* WORK TO COMPLETE *
Filter out all lines without the word "Flannery" from the data below, please, and copy the rest.

* EXTRACTED MATERIAL *
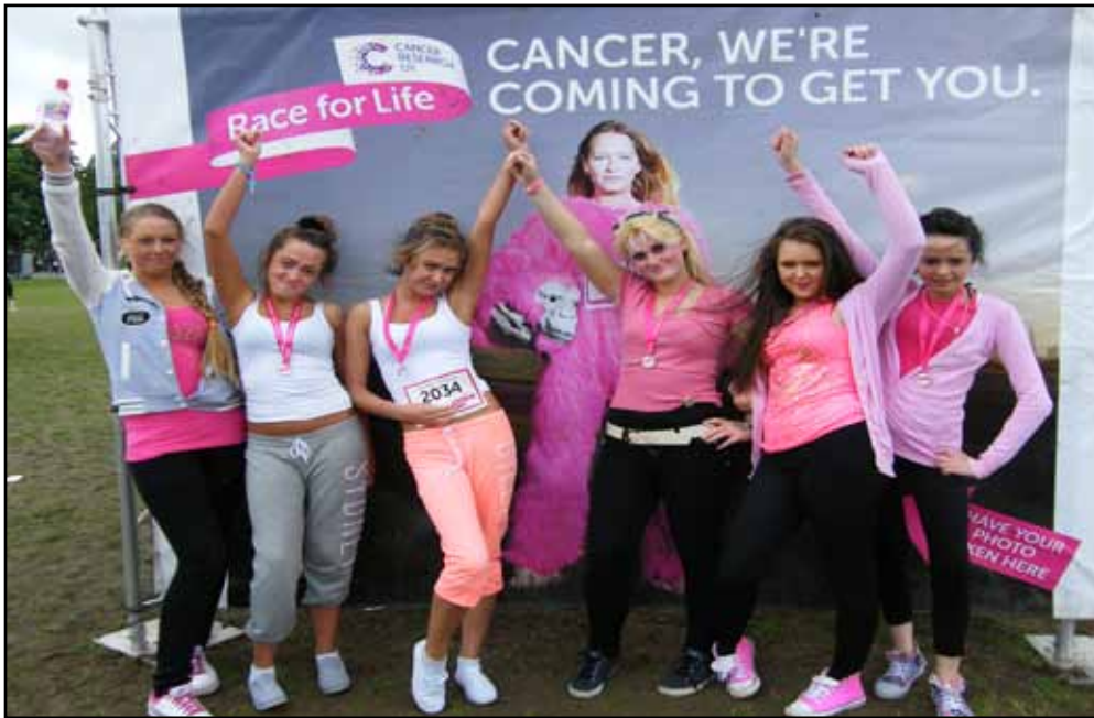
Hackney Girls Group 'Race for Life' in Finsbury Park

time or another, so they chose to use some of the money to register to take part in a 5k run to raise funds for cancer research. In Finsbury Park on the 22nd June, six girls completed the 5k 'Race for Life' and raised £375 pounds. The first girl finished in 50 minutes and the last in 1hr 20mins. The girls were all pleased with the achievement and vowed to do the 10k run next year for this valuable and much needed research.
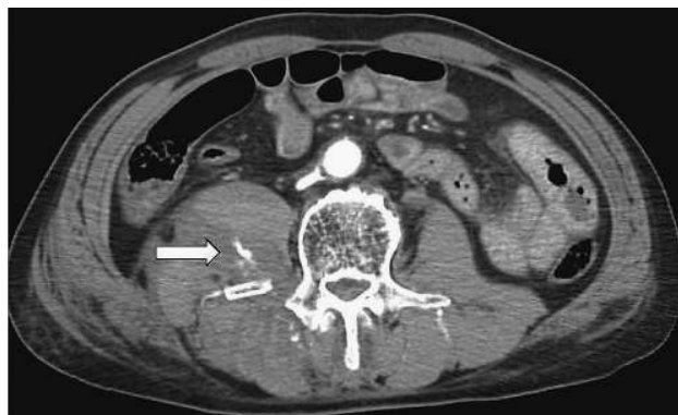
Fig. 2 Contrast extravasation and a massive psoas hematoma associated with a transverse process fracture of the lumbar vertebra (arrow).
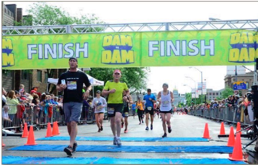
#1 Dam to Dam, Iowa's Distance Classic ended its 39 year run. 120,000 finishers trekked from Saylorville Dam to downtown Des Moines over the years at this quintessential race.
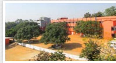
Cambridge School Affiliated to CBSE. Class- Nursery to 10+2, Residential and Day School.
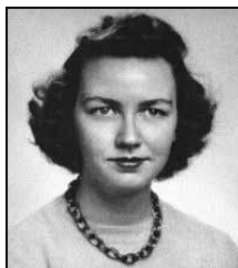
Mary Flannery O'Connor 1925-1964

Literary scholars contend that no other modern American writer of the twentieth century has constructed a fictional world so energetically and forthrightly charged by religious investigation as the one Flannery O'Connor has created. As a "literary theologian," O'Connor demonstrated that religion, far from being an impediment to art, may serve as the vital center of the artist's imagination.
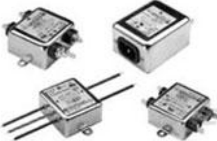
TE Part #1-6609027-5 10EK7=F7095 S0
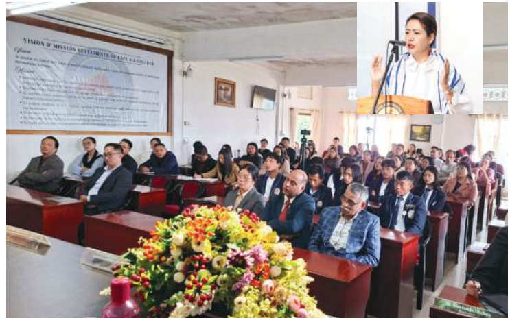
First FAC Annual Lecture held on the theme: "Quality Education for Indigenous Research and Nation Building"
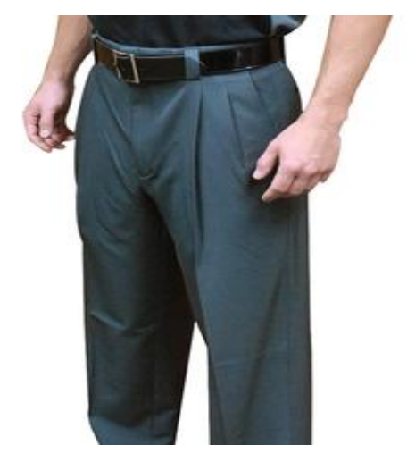
Smitty 4-way Stretch, Performance Poly Spandex Charcoal Grey

Plate BBS392 / BBS396 (expander waistband) Base BBS390 / BBS394 (expander waistband)
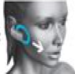
Wig, Stretch, Secure

Jawbone ICON works regardless of position, but you will get the best performance if the Icon Airway feature physically secures your eardrum.
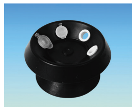
(1) Circular Fixed Angle Rotor For 6 x 0.2-/0.5-/1.5-/2.0-ml Tubes
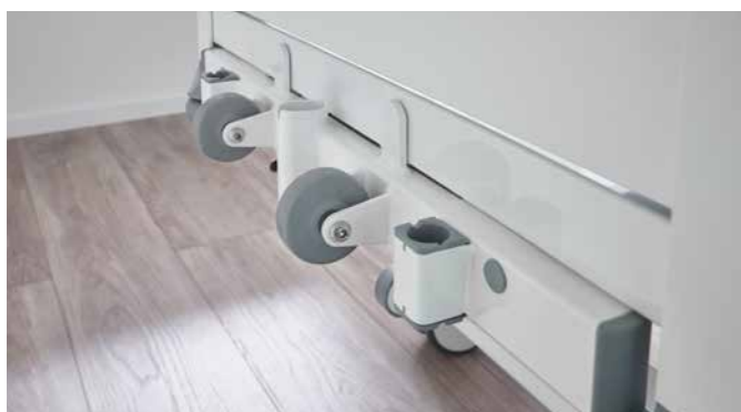
▲ The rollers at the head end protect the wall and the bed from damage.
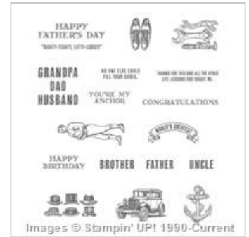
Guy Greetings Clear-Mount Stamp Set
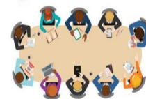
A Simple Structure for Missional Effectiveness

What: Simplified Accountable Structure Workshop
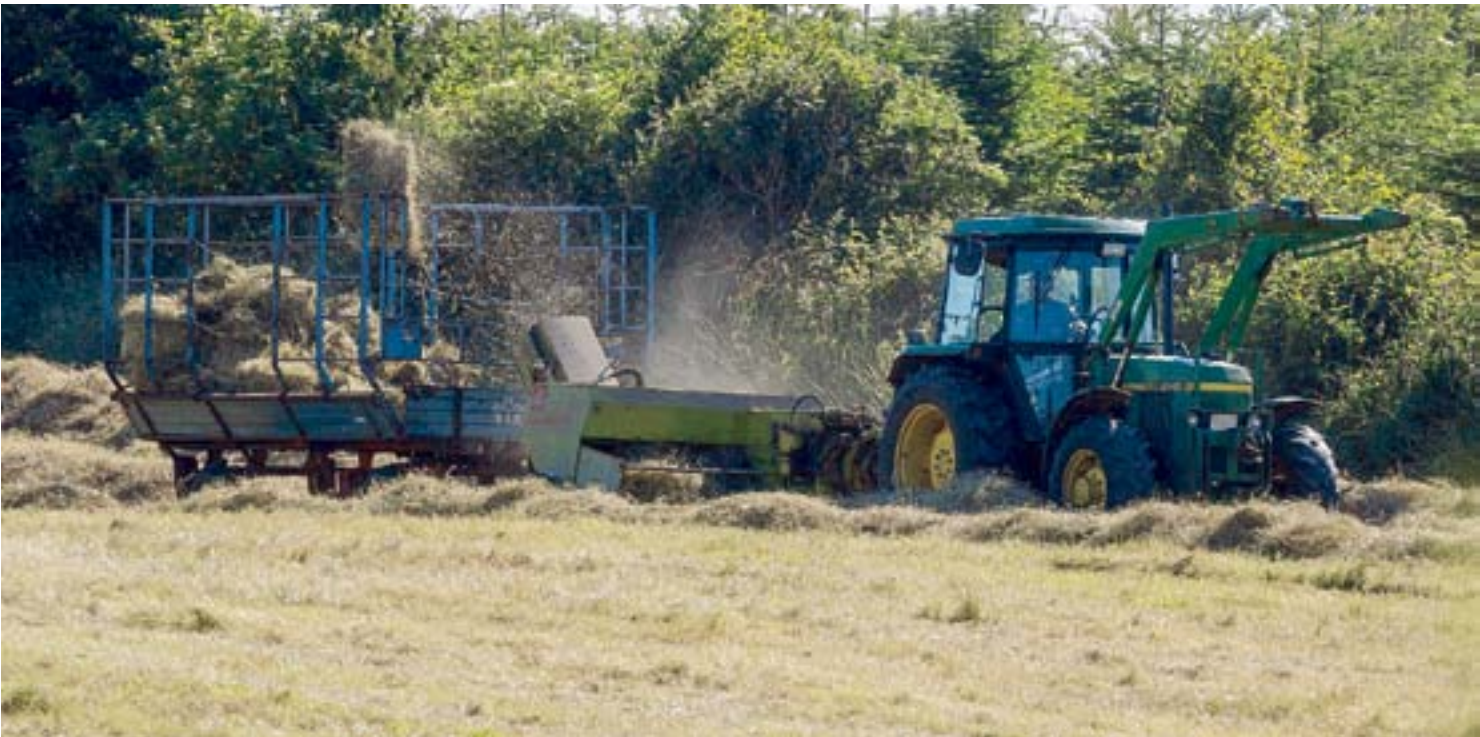
QAWN officers across the state are available to help connect employers and workers.

The RJSA is coordinated by the Queensland
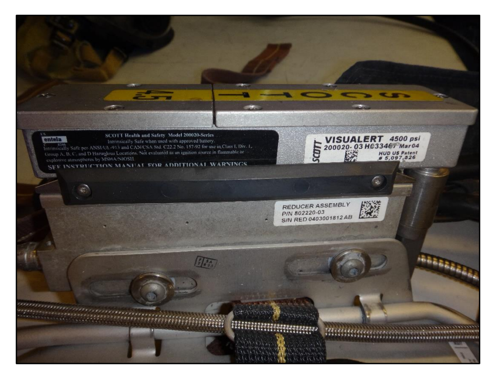
Figure 10: Pressure reducer, inside view
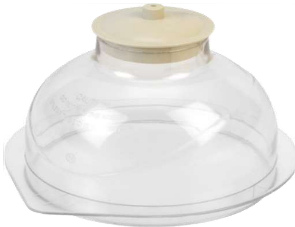
44-Big Leaf Dome (M)

* REPLY TO THE EXERCISE *
Mary Flannery O'Connor 1925-1964
Literary scholars contend that no other modern American writer of the twentieth century has constructed a fictional world so energetically and forthrightly charged by religious investigation as the one Flannery O'Connor has created. As a "literary theologian," O'Connor demonstrated that religion, far from being an impediment to art, may serve as the vital center of the artist's imagination.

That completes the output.